[[ Dataset section, beginning ]]
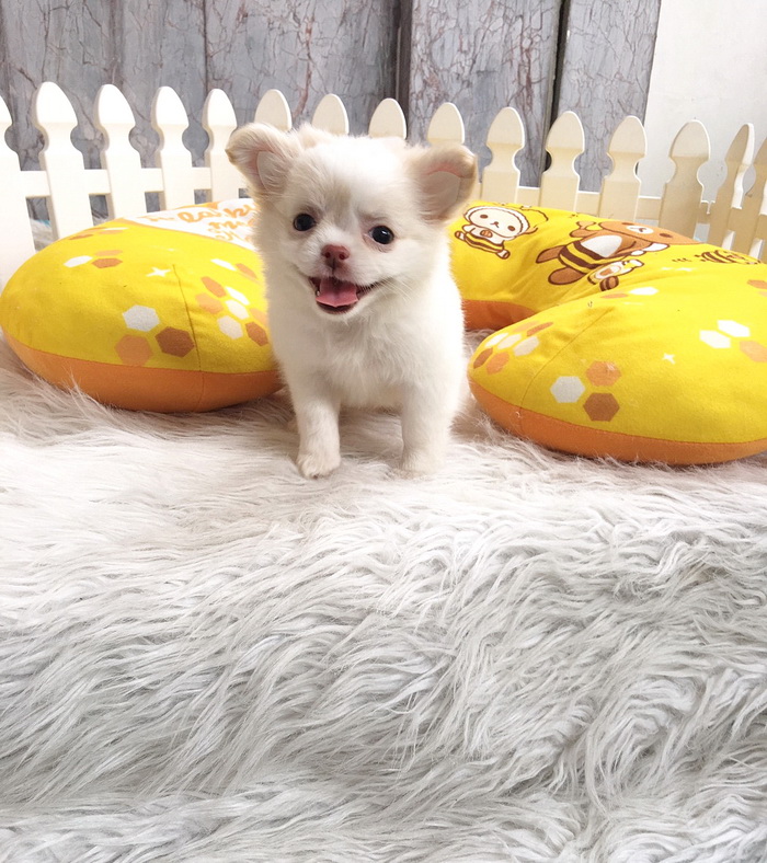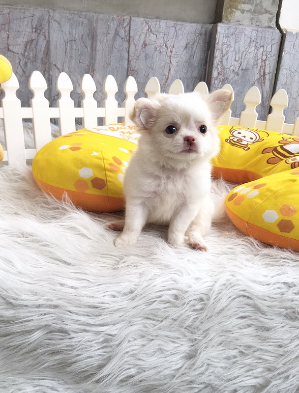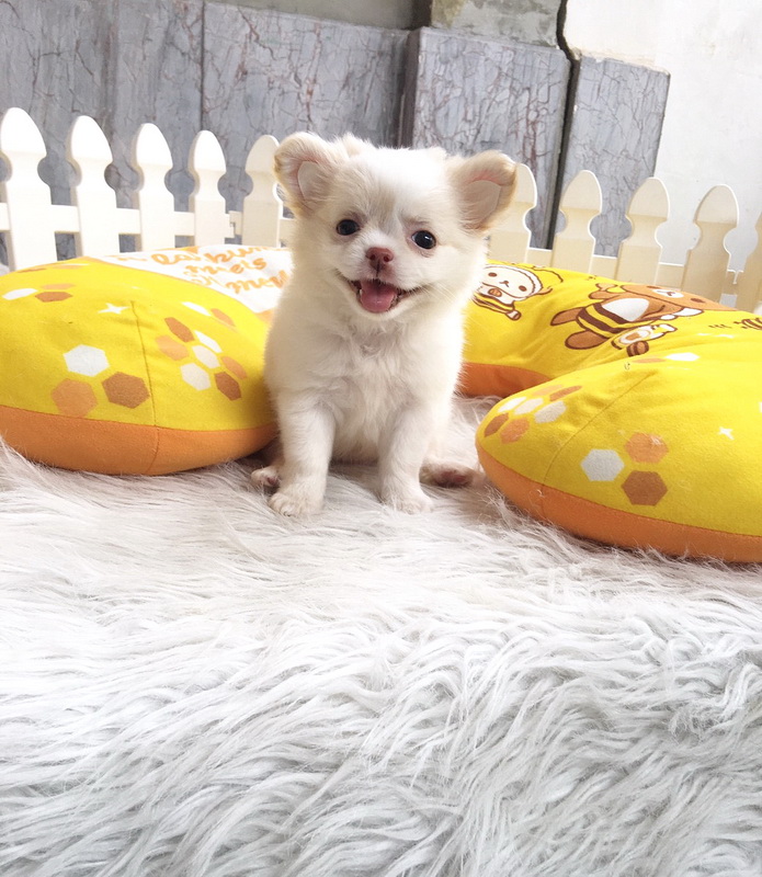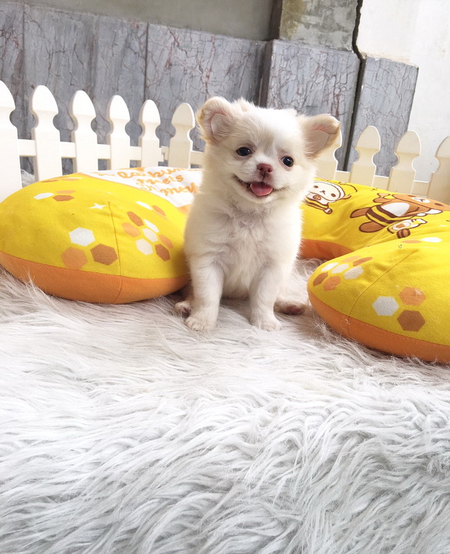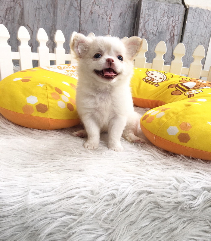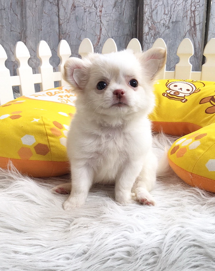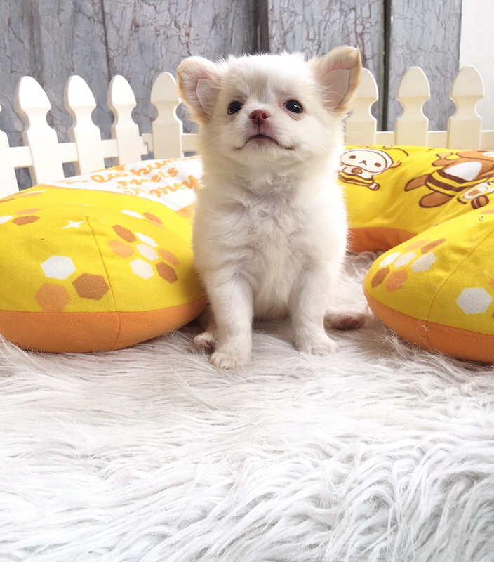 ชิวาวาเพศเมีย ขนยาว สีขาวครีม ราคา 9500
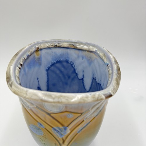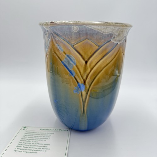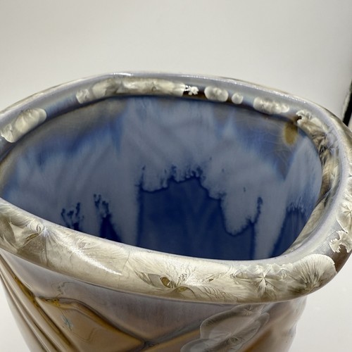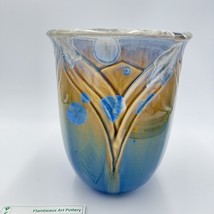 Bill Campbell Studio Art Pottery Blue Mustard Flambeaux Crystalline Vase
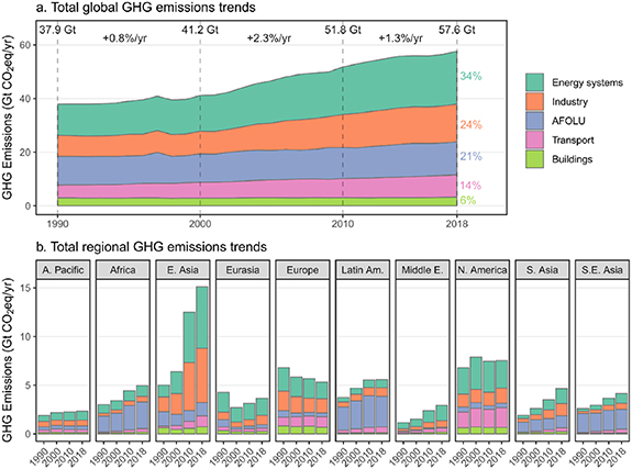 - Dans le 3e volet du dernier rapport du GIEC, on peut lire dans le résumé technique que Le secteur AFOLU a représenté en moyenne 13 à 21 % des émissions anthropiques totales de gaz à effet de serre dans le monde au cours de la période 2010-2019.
[[ Dataset section, end ]]
→ Problem requirements: Where a picture appears, skip it; repeat everything else in the data exactly.

→ Solution to this exercise:
 ชิวาวาเพศเมีย ขนยาว สีขาวครีม ราคา 9500
 Bill Campbell Studio Art Pottery Blue Mustard Flambeaux Crystalline Vase
 - Dans le 3e volet du dernier rapport du GIEC, on peut lire dans le résumé technique que Le secteur AFOLU a représenté en moyenne 13 à 21 % des émissions anthropiques totales de gaz à effet de serre dans le monde au cours de la période 2010-2019.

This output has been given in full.